The life and Times of a Palette

Palette, oil, wood, mediums, layers of time, biographical history

Palette : in the original sense of the word, is a rigid, flat surface on which a painter arranges and mixes paints. A palette is usually made of wood, plastic, ceramic, or other hard, nonporous material, and can vary greatly in size and shape....

 From the original literal sense above came the figurative sense by extension referring to a selection of colours, as used in a specific art object or in a group of works comprising a visual style. This second, visual sense is the one extended in the digital era to the computing senses of the "palette".

Wikipedia


For a proclaimed 'Realist', it has always struck me as a not so gentle reminder that the very object that I have a creative relationship with in order to paint; that is an object I rely on, is in itself an abstraction. True it is a facilitator of sorts; a bridge between the idea and the canvas, but it is also and literally a molten, gnarled, gummed up, pock marked, cavity ridden, concave, convex, organic object that grows concurrent with my own explorations. It has been a partner in crime so to speak since that fateful day twenty six years ago I needed a flat surface to mix some paint on. What I came across at the time was a dismantled piece of furniture - a book shelf to be precise, that I thought would suffice for the time being. At least until I could purchase the traditional hand held palette so common in art supply stores. Well, I never made the purchase, nor did I wonder what objective I had in mind at the time. I just knew I didn't like holding onto a palette while painting, and this book shelf would have to do.

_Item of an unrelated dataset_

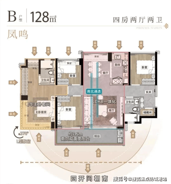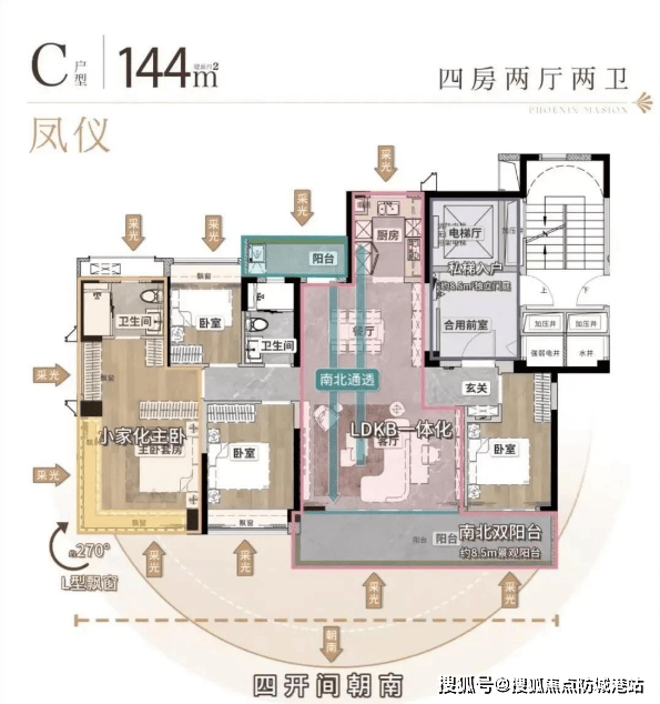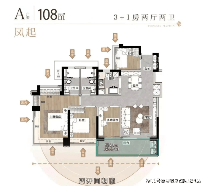 凤凰于飛推出了建面约108-144平方米的多种户型选择,所有户型均设计为四房结构,强调南向低密社区的概念。例如,凤起系列建面约108平方米的3+1房户型,具有南向四开间设计,配备约6.3米双面宽阳台,LDKB一体化设计,以及700库收纳空间,主卧还配备了约270°飘窗,实现了接近100%的使用率。凤鸣和凤仪系列则提供了更大的空间选择,尤其是凤仪系列采用了板楼设计,南北通透,私密性更佳,并且配备了私梯入户,提升了居住舒适度和尊贵感。

 So, it has gotten me into trouble, held my hand while blind folded I stumbled toward the figurative cliff  - nudged me back from the unintentional conveyance of misconception and pretentiousness, and has on occasion gloried with me on a few rare days when the object of my profession has made some personal sense.  

I have never scraped off my palette after a days work, which may account for the reason it weighs about 35 pounds now. Hard to believe? Not really. Think of it like the birth of a child. It comes into the world in the predictable way, takes on similar traits to its creator, a likeness in accordance with the painter's own colour choices and idiosyncrasies. But then something happens. As it ages it starts to estrange itself from the painter, assuming physical traits of its own. Challenging the painter to adapt to its own surface and peculiarities. In effect to develop a rapport with  it as each painting progresses, conjuring up its own personality.

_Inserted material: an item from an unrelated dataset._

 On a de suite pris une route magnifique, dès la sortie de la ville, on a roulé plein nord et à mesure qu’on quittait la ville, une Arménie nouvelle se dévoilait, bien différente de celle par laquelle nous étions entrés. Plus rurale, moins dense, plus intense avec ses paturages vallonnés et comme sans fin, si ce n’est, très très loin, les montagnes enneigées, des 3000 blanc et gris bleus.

Palette, oil, wood, mediums, layers of time, biographical history

Evidently, the layers tell the true story. But we can't see them and neither can the artist. The paintings are the realisation; the by- product of a concept channelled through the imagination, but the memory of the painter's creative ally has covered that other journey up, sealing it in a concoction of oil and dirt; more ore less forcing the painter into a forgotten state of memory. Perhaps this is one of the beautiful qualities of the creative process.

"Imagination is the real and eternal world of which this vegetable universe is but a faint shadow."